Global Vibration Comfort Evaluation of Footbridges Based on Computer Vision
Round 1
Reviewer 1 Report
In this paper, the YOLOv5 algorithm and the improved LK optical flow method are used to extract the actual structural displacement synchronized with the pedestrian movement from the multi-objective displacement of the structure, and then evaluate the global vibration comfort of the pedestrian bridge. There are some comments as follows:
1. The concept of this paper has been proposed by Shahapur et al. The research in this paper is only an experimental realization of the proposed concept. The innovation points are less clear, and the innovation points of this paper need to be further clarified.

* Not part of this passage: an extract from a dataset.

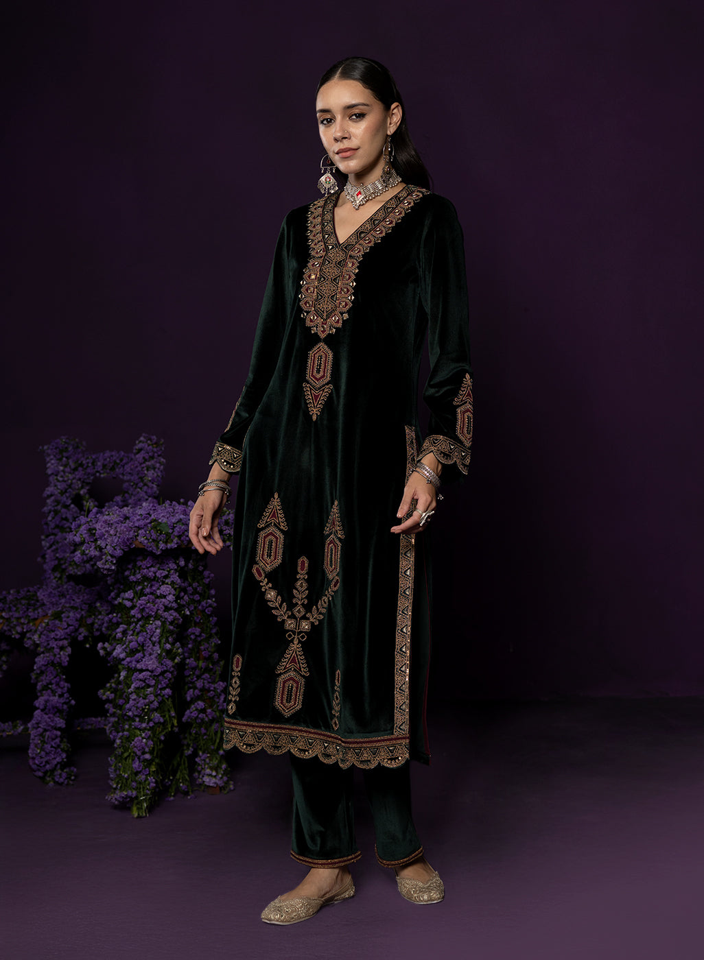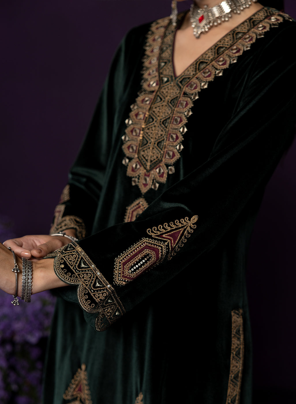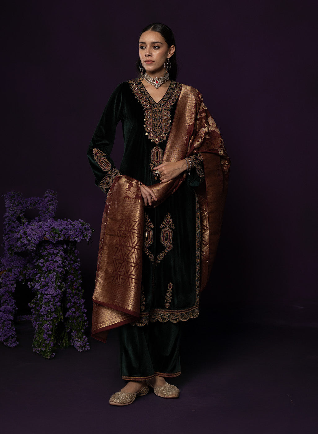 Koel Green Embroidered Velvet Suit Set with Banarasi Dupatta

2. For the difficulty 1 proposed in this paper in lines 95-96, this difficulty is only for the traditional sensor measurement. For the multi-point displacement measurement using computer vision technology introduced in this paper, it has been solved before, and no sensor is needed, which is not a difficulty. This can be changed to: One of the key points of realizing the vibration comfort assessment based on the actual vibration level of pedestrians is to obtain the global displacement of the structure.

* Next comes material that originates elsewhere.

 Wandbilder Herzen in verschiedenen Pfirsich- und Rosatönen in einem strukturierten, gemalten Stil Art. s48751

3. For the analysis of the training results described in lines 158-166 of this article: As mentioned above, the samples for program training in this article are only "people". Why does the text point out the impact of sample size on recall and precision? What is the purpose? Moreover, in Figure 3, the changing trend of recall rate and accuracy rate with increasing number of training rounds has not been analyzed. Here, the optimal number of training rounds is obtained by judging the change trend of the loss parameter with the increase of the number of training rounds, but the meaning of the parameter loss is not explained. Why can the judgment be made by the loss parameter? What is the relationship between the loss parameter and the recall rate and accuracy rate?
4. Lines 186-188 in the text point out that the scale factor method is used to convert the pixel coordinate system to the real coordinate system. Is the influence of camera distortion on the coordinate system conversion relationship at the edge of the image considered?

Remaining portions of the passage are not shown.